• **YOUR ASSIGNMENT**
Should any entry include an image, skip the image and copy the entry exactly.

• **RECORDS**
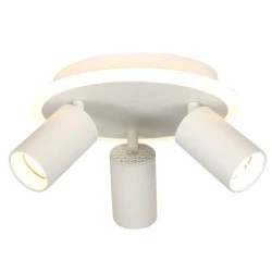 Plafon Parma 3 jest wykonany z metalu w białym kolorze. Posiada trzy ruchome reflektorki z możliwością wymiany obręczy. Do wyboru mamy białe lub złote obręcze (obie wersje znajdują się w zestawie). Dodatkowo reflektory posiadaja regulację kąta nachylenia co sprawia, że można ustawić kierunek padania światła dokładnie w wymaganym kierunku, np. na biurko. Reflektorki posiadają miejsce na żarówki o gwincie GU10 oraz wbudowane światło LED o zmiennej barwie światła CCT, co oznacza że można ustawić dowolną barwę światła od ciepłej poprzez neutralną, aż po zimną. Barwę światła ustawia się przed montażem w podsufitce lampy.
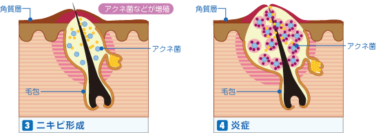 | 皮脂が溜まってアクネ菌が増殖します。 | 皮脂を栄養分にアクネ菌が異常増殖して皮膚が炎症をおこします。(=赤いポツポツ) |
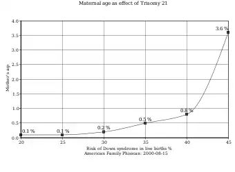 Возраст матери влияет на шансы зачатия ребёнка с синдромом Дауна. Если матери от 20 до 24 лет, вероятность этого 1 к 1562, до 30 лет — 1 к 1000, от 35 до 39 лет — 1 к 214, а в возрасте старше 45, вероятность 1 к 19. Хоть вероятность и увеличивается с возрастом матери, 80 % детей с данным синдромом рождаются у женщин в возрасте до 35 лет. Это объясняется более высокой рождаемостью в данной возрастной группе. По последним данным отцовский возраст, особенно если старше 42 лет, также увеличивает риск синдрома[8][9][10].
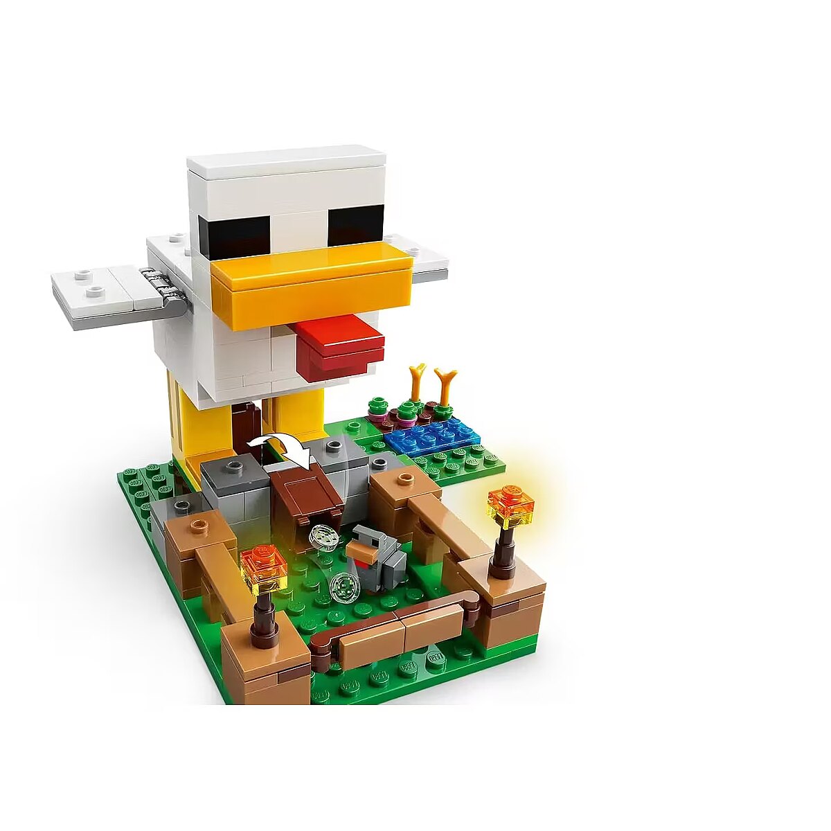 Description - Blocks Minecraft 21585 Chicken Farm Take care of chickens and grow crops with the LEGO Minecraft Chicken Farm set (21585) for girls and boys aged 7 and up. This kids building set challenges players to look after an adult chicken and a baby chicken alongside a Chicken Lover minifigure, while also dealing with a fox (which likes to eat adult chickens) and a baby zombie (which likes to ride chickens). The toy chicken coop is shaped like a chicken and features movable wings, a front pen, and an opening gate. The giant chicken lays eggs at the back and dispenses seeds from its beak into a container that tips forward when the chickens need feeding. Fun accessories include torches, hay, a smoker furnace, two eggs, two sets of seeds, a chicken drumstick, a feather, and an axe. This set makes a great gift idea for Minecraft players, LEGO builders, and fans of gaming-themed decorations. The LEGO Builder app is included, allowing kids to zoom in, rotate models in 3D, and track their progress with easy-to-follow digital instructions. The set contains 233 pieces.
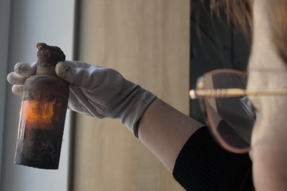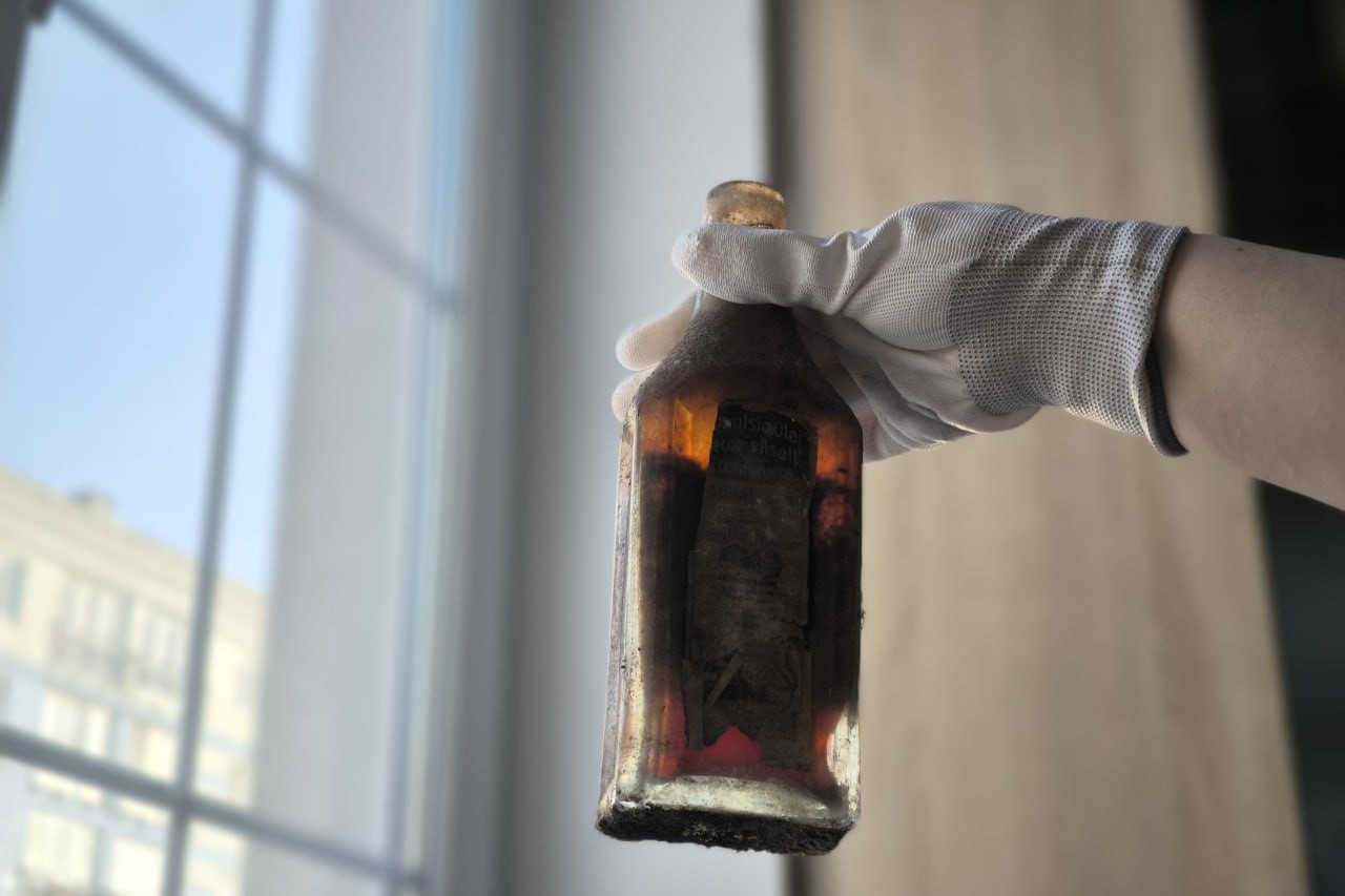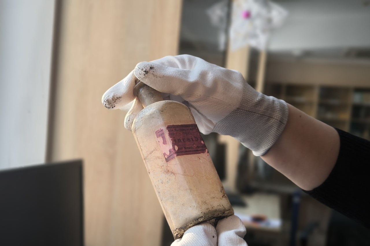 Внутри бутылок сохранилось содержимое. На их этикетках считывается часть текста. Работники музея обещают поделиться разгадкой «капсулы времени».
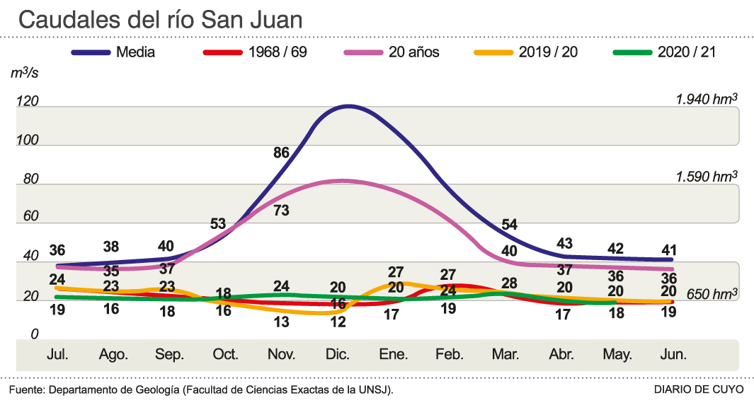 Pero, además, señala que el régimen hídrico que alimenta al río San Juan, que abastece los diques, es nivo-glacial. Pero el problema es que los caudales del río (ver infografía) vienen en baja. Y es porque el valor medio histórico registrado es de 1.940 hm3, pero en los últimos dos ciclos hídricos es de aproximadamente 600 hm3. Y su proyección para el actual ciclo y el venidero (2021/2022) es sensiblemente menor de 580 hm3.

• **ANSWER AREA**
 Plafon Parma 3 jest wykonany z metalu w białym kolorze. Posiada trzy ruchome reflektorki z możliwością wymiany obręczy. Do wyboru mamy białe lub złote obręcze (obie wersje znajdują się w zestawie). Dodatkowo reflektory posiadaja regulację kąta nachylenia co sprawia, że można ustawić kierunek padania światła dokładnie w wymaganym kierunku, np. na biurko. Reflektorki posiadają miejsce na żarówki o gwincie GU10 oraz wbudowane światło LED o zmiennej barwie światła CCT, co oznacza że można ustawić dowolną barwę światła od ciepłej poprzez neutralną, aż po zimną. Barwę światła ustawia się przed montażem w podsufitce lampy.
 | 皮脂が溜まってアクネ菌が増殖します。 | 皮脂を栄養分にアクネ菌が異常増殖して皮膚が炎症をおこします。(=赤いポツポツ) |
 Возраст матери влияет на шансы зачатия ребёнка с синдромом Дауна. Если матери от 20 до 24 лет, вероятность этого 1 к 1562, до 30 лет — 1 к 1000, от 35 до 39 лет — 1 к 214, а в возрасте старше 45, вероятность 1 к 19. Хоть вероятность и увеличивается с возрастом матери, 80 % детей с данным синдромом рождаются у женщин в возрасте до 35 лет. Это объясняется более высокой рождаемостью в данной возрастной группе. По последним данным отцовский возраст, особенно если старше 42 лет, также увеличивает риск синдрома[8][9][10].
 Description - Blocks Minecraft 21585 Chicken Farm Take care of chickens and grow crops with the LEGO Minecraft Chicken Farm set (21585) for girls and boys aged 7 and up. This kids building set challenges players to look after an adult chicken and a baby chicken alongside a Chicken Lover minifigure, while also dealing with a fox (which likes to eat adult chickens) and a baby zombie (which likes to ride chickens). The toy chicken coop is shaped like a chicken and features movable wings, a front pen, and an opening gate. The giant chicken lays eggs at the back and dispenses seeds from its beak into a container that tips forward when the chickens need feeding. Fun accessories include torches, hay, a smoker furnace, two eggs, two sets of seeds, a chicken drumstick, a feather, and an axe. This set makes a great gift idea for Minecraft players, LEGO builders, and fans of gaming-themed decorations. The LEGO Builder app is included, allowing kids to zoom in, rotate models in 3D, and track their progress with easy-to-follow digital instructions. The set contains 233 pieces.
 Внутри бутылок сохранилось содержимое. На их этикетках считывается часть текста. Работники музея обещают поделиться разгадкой «капсулы времени».
 Pero, además, señala que el régimen hídrico que alimenta al río San Juan, que abastece los diques, es nivo-glacial. Pero el problema es que los caudales del río (ver infografía) vienen en baja. Y es porque el valor medio histórico registrado es de 1.940 hm3, pero en los últimos dos ciclos hídricos es de aproximadamente 600 hm3. Y su proyección para el actual ciclo y el venidero (2021/2022) es sensiblemente menor de 580 hm3.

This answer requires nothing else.